## What the exercise asks:
Word for word, copy the listing below and leave out its images.

## Provided data:
# # # #

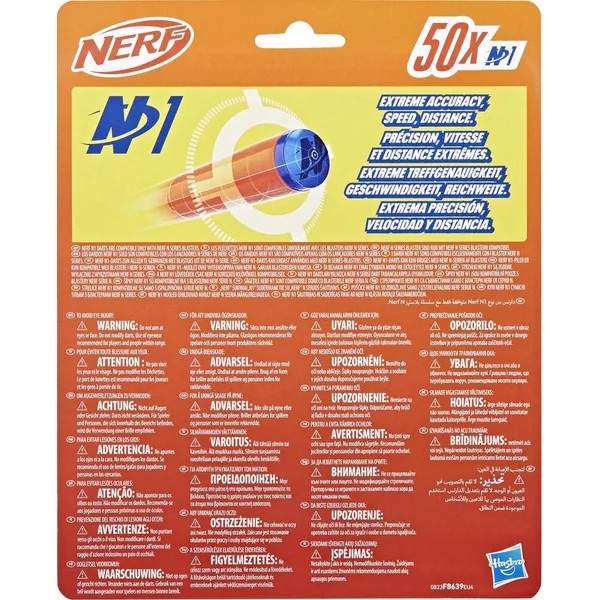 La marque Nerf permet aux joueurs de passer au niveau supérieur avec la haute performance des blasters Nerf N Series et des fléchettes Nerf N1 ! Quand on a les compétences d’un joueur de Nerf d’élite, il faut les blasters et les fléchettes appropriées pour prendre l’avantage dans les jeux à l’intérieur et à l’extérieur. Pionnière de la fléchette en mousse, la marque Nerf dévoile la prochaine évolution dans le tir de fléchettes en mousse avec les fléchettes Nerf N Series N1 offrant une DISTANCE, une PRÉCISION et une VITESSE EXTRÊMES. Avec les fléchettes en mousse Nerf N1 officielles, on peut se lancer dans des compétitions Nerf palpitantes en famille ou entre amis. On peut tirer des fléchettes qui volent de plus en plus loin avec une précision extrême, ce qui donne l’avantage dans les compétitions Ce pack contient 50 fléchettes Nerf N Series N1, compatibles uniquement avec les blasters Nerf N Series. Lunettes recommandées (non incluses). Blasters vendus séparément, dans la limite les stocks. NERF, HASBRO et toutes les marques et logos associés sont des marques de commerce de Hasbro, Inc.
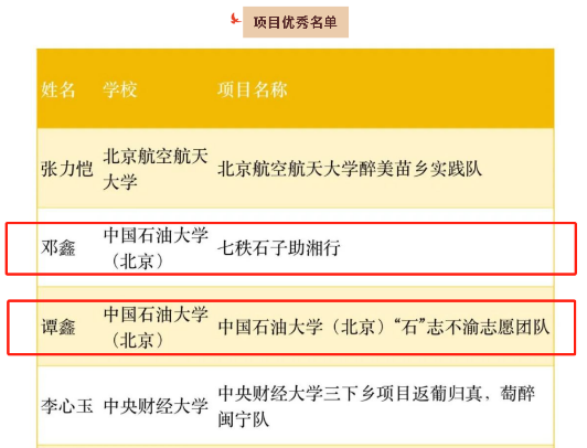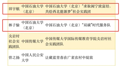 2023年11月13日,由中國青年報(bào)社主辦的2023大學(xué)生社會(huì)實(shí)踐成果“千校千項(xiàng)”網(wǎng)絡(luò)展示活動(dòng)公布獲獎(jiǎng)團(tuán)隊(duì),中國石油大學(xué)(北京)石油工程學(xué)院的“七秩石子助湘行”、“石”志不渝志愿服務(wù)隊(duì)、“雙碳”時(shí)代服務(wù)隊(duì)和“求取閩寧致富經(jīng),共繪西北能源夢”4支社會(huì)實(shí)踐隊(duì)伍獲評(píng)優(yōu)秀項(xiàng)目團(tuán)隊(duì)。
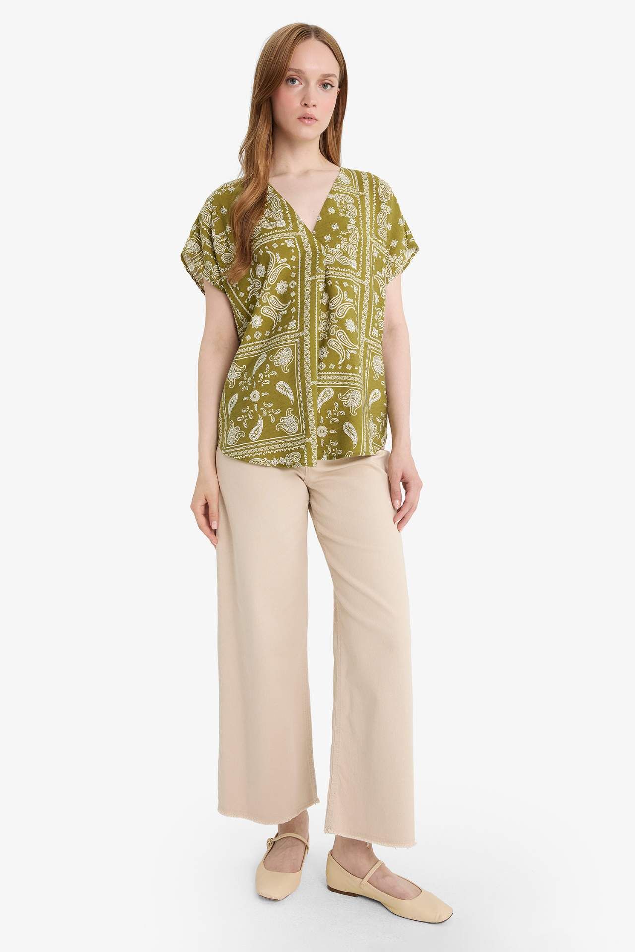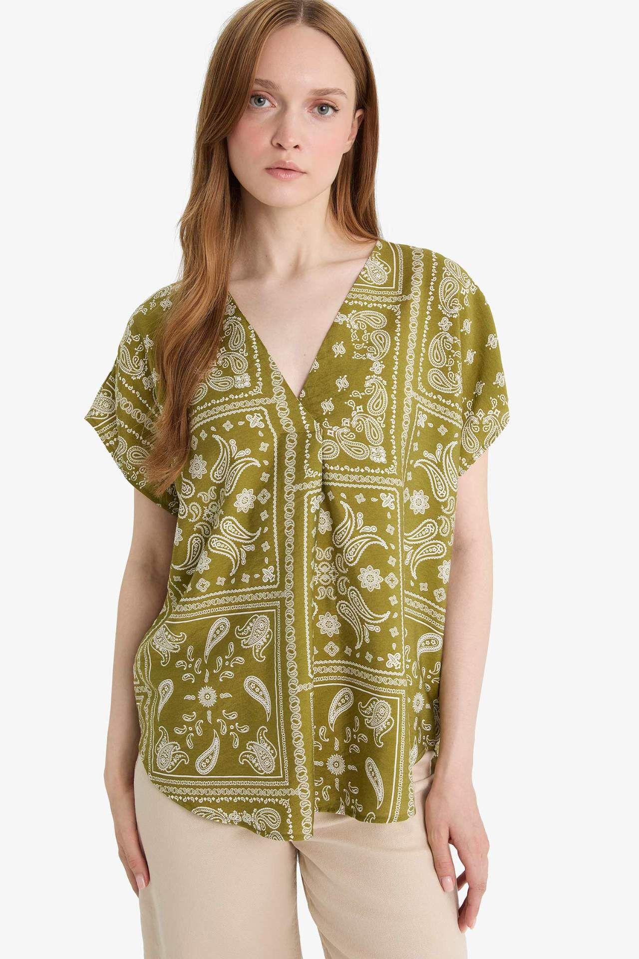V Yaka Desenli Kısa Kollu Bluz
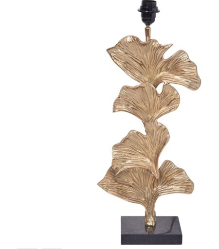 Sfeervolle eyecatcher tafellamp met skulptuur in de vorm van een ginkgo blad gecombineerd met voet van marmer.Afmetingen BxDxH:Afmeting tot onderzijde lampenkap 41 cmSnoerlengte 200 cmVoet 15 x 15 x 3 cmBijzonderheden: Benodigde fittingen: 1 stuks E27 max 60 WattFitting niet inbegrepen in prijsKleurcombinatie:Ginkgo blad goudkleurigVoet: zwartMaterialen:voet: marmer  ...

# # # #

## Expected output:
 La marque Nerf permet aux joueurs de passer au niveau supérieur avec la haute performance des blasters Nerf N Series et des fléchettes Nerf N1 ! Quand on a les compétences d’un joueur de Nerf d’élite, il faut les blasters et les fléchettes appropriées pour prendre l’avantage dans les jeux à l’intérieur et à l’extérieur. Pionnière de la fléchette en mousse, la marque Nerf dévoile la prochaine évolution dans le tir de fléchettes en mousse avec les fléchettes Nerf N Series N1 offrant une DISTANCE, une PRÉCISION et une VITESSE EXTRÊMES. Avec les fléchettes en mousse Nerf N1 officielles, on peut se lancer dans des compétitions Nerf palpitantes en famille ou entre amis. On peut tirer des fléchettes qui volent de plus en plus loin avec une précision extrême, ce qui donne l’avantage dans les compétitions Ce pack contient 50 fléchettes Nerf N Series N1, compatibles uniquement avec les blasters Nerf N Series. Lunettes recommandées (non incluses). Blasters vendus séparément, dans la limite les stocks. NERF, HASBRO et toutes les marques et logos associés sont des marques de commerce de Hasbro, Inc.
 2023年11月13日,由中國青年報(bào)社主辦的2023大學(xué)生社會(huì)實(shí)踐成果“千校千項(xiàng)”網(wǎng)絡(luò)展示活動(dòng)公布獲獎(jiǎng)團(tuán)隊(duì),中國石油大學(xué)(北京)石油工程學(xué)院的“七秩石子助湘行”、“石”志不渝志愿服務(wù)隊(duì)、“雙碳”時(shí)代服務(wù)隊(duì)和“求取閩寧致富經(jīng),共繪西北能源夢”4支社會(huì)實(shí)踐隊(duì)伍獲評(píng)優(yōu)秀項(xiàng)目團(tuán)隊(duì)。
V Yaka Desenli Kısa Kollu Bluz
 Sfeervolle eyecatcher tafellamp met skulptuur in de vorm van een ginkgo blad gecombineerd met voet van marmer.Afmetingen BxDxH:Afmeting tot onderzijde lampenkap 41 cmSnoerlengte 200 cmVoet 15 x 15 x 3 cmBijzonderheden: Benodigde fittingen: 1 stuks E27 max 60 WattFitting niet inbegrepen in prijsKleurcombinatie:Ginkgo blad goudkleurigVoet: zwartMaterialen:voet: marmer  ...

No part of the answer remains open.